# taz.de -- Steuerflucht von Unternehmen: Vorzugsbehandlung für Big Tech
       
       > Der Bundestag hat eine Steuerregel abgeschafft, die Digitalkonzernen wie
       > Google missfiel. Das ist mehr als ein Gefallen für Big Tech.
       
 (IMG) Bild: Die europäische Google-Zentrale in Dublins Barrow Street
       
       Mehr europäische [1][Unabhängigkeit] von den Produkten der
       US-Digital-Konzerne wünschen sich laut einer neuen Umfrage zwei Drittel der
       Bundesbürger:innen. Das sahen die Regierungen Deutschlands und Frankreichs
       bei ihrem [2][Gipfel] zur „Digitalen Souveränität“ diese Woche auch so.
       Eine eigenständige Politik in die Tat umzusetzen, stößt aber schnell an
       Grenzen der Macht genau dieser Unternehmen.
       
       Das zeigte sich kürzlich an einem Beschluss des Bundestages, mit dem die
       schwarz-rote Mehrheit die sogenannte Lizenzschranke abschaffte.

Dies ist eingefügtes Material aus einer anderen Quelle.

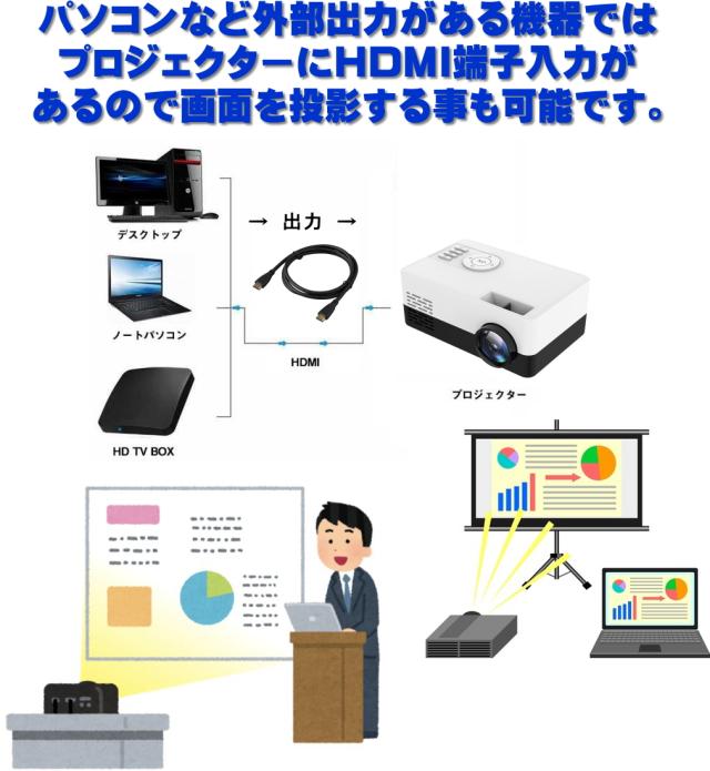【他にも】プロジェクターにHDMI入力端子がありますので、他にもTVなどもプロジェクターで投影する事も可能です。
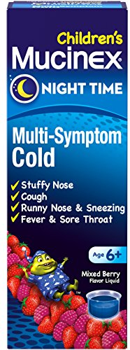 ReleaseDate : 2017-04-03 Studio : Reckitt Benckiser Publisher : Reckitt Benckiser Binding : Health and Beauty Product Description When your little one can’t sleep, no one can sleep. And when it’s more than one symptom that’s causing all the trouble, it’s time to get relief. It’s time for Children's Mucinex?Night Time Multi-Symptom Cold Liquid. Sneezing, stuffy or runny nose, headache, aches and pains, cough, fever. Let Children's Mucinex?Night Time Multi-Symptom Cold Liquid in Very Berry Flavor help. 0
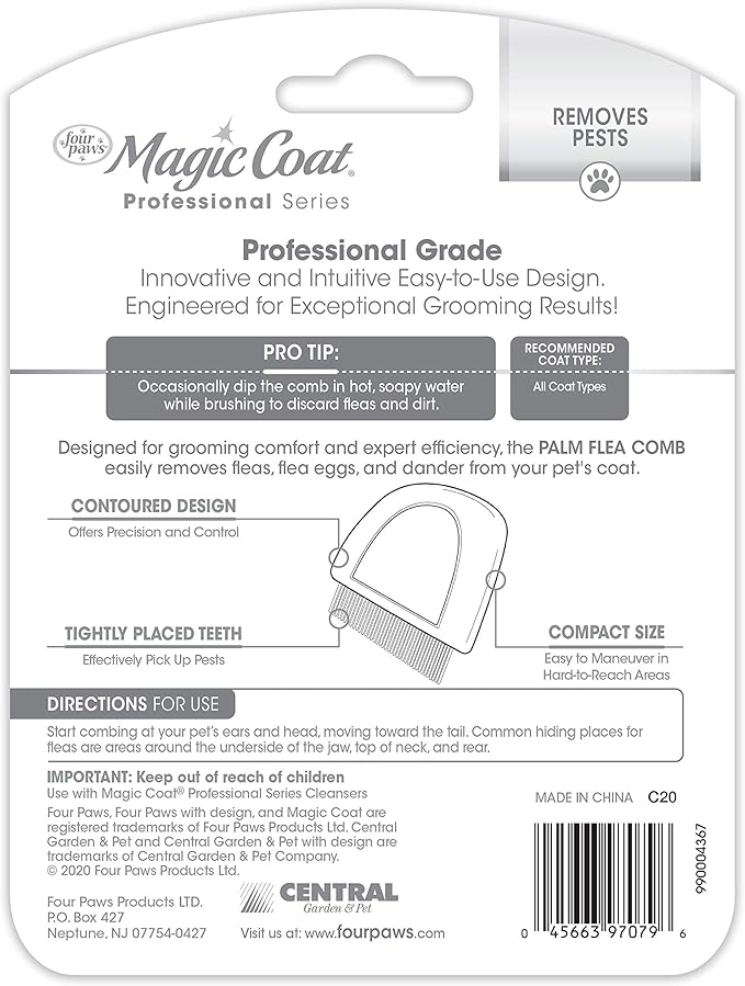 Magic Coat Professional Series Grooming Contoured Grip Palm Flea Comb for Dogs, 1 Count
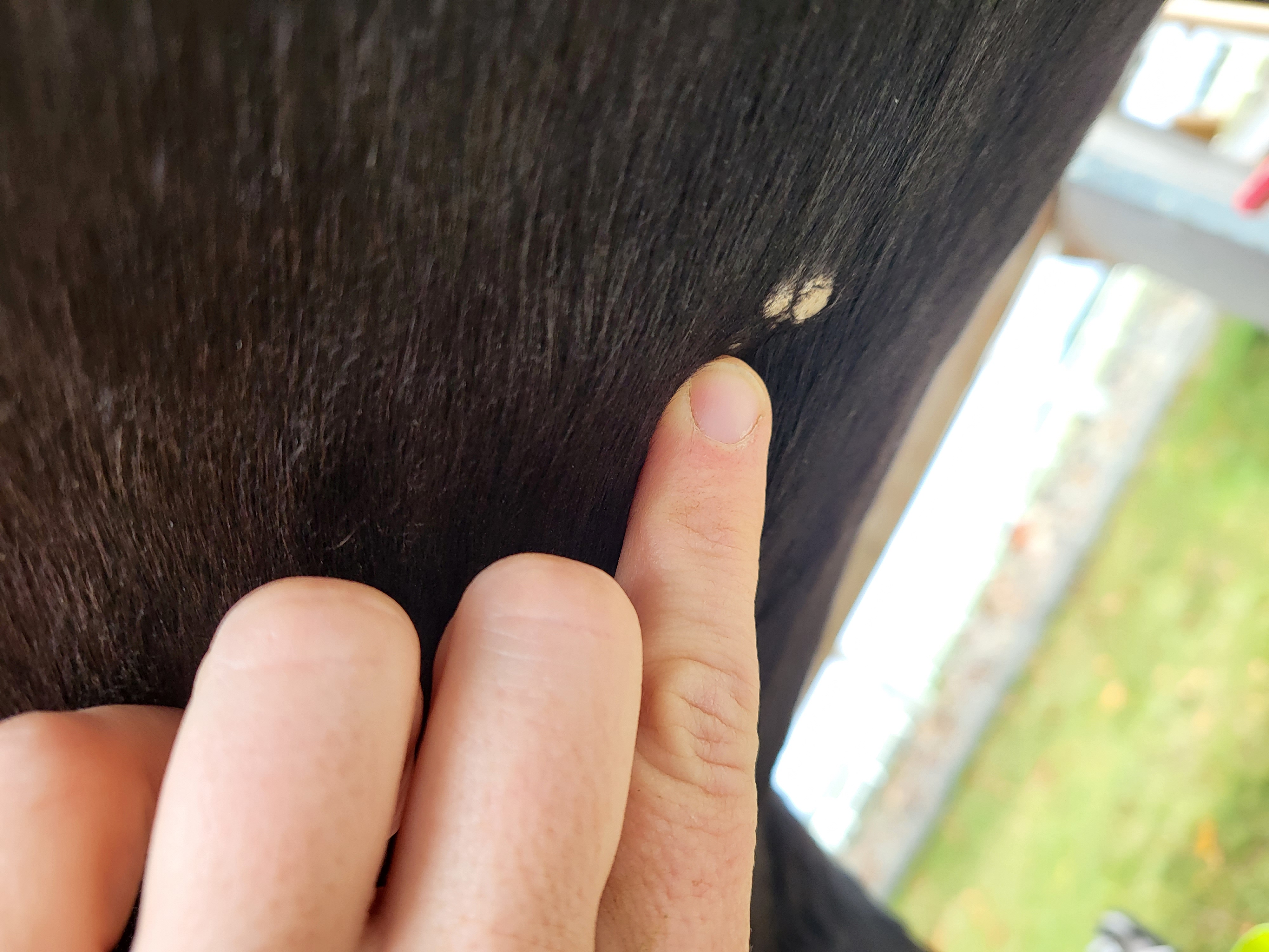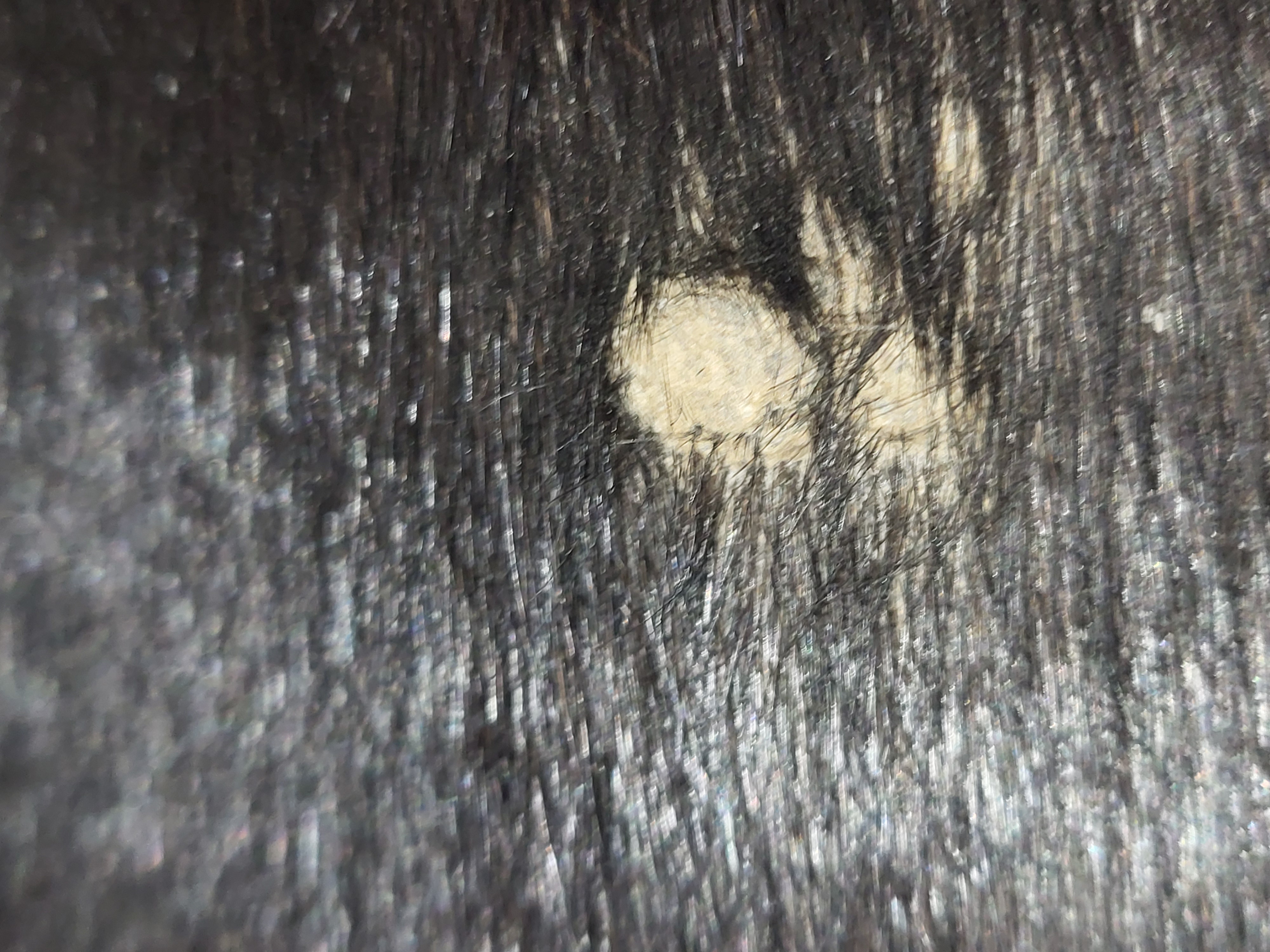 Das Sarkoid ist noch recht klein, allerdings versteckt sich noch ein "Knubbelchen" unter dem Fell (geht quasi fast bis zu meinem Finger).

Das ist
       eine Steuer-Regel, durch die US-Digital-Konzerne potenziell mehr Abgaben in
       Europa zahlen müssten. Zur Streichung des Paragrafen 4j des
       Einkommensteuergesetzes sagte Christoph Trautvetter vom Netzwerk
       Steuergerechtigkeit: „Vermutlich ist das auf den Druck von Unternehmen wie
       Google, Amazon, Meta und der US-Regierung zurückzuführen.“
       
       Als die Lizenzschranke 2017 eingeführt wurde, sollte sie eine bestimmte
       Form der Steuervermeidung durch große Unternehmen erschweren. Grundsätzlich
       geht es darum: Ein US-Unternehmen erzielt in Deutschland zum Beispiel hohe
       Gewinne, die es aber herunterrechnet, indem seine hiesige Tochterfirma
       beträchtliche interne Lizenzgebühren an eine weitere Tochter in Irland
       zahlt, wo die Gewinnsteuer niedriger ist. Die Lizenzgebühren werden etwa
       damit begründet, dass die Tochter in Deutschland Software nutzt, deren
       Verwertungsrechte der irischen Tochter gehören. Ergebnis: Hoher Gewinn,
       aber niedrige Steuer in Deutschland.
       
       Gegen die Stimmen der Grünen und Linken im Bundestag hat die Koalition die
       Regelung nun gestrichen. Das Bundesfinanzministerium von Vizekanzler Lars
       Klingbeil (SPD) begründete, das sei kein Problem: „Unerwünschte
       Gestaltungen zur Gewinnverlagerung werden mittlerweile durch eine Vielzahl
       an international abgestimmten Maßnahmen – wie die globale
       Mindestbesteuerung – verhindert.“
       
       Kritiker Trautvetter hält das für falsch: „Weil der Paragraf gestrichen
       wird, können die Digital-Unternehmen weiterhin von der für sie günstigen
       US-Besteuerung der Lizenzzahlungen profitieren.“ Anstatt die deutsche
       Regelung zu eliminieren, müsse das Finanzministerium eher darauf dringen,
       sie konsequenter umzusetzen, so Trautvetter.
       
       Aus Klingbeils Haus ist zu hören, man habe sich an Empfehlungen der
       Industrieländer-Organisation OECD orientiert, die die internationalen
       Steuer-Verhandlungen jahrelang koordinierte. Derweil ergaben Recherchen des
       Netzwerks Steuergerechtigkeit, dass bereits Klingbeils Vorgänger,
       Bundesfinanzminister Christian Lindner (FDP), im September 2024 die
       Finanzverwaltung angewiesen habe, für US-Firmen eine Ausnahme von der
       Lizenzschranke zu machen – rückwirkend bis 2018. Während eine offizielle
       Bestätigung fehlt, vermutet auch Grünen-Finanzexpertin Karoline Otte, das
       sei auf Druck aus Washington geschehen.
       
       Und es ist offenbar nicht der einzige derartige Fall. Im vergangenen Juli
       gestattete die Gruppe der größten westlichen Industriestaaten (G7) den USA
       eine weitreichende [3][Ausnahme] bei der globalen Mindeststeuer für
       Unternehmen. Eigentlich sollen die großen Firmen überall mindestens 15
       Prozent Gewinnsteuer zahlen, doch die USA dürfen weiterhin parallel ihr
       eigenes System anwenden, das Ausweichmöglichkeiten beinhaltet. Trump hatte
       mit Schikanen gedroht, sollten die anderen nicht spuren.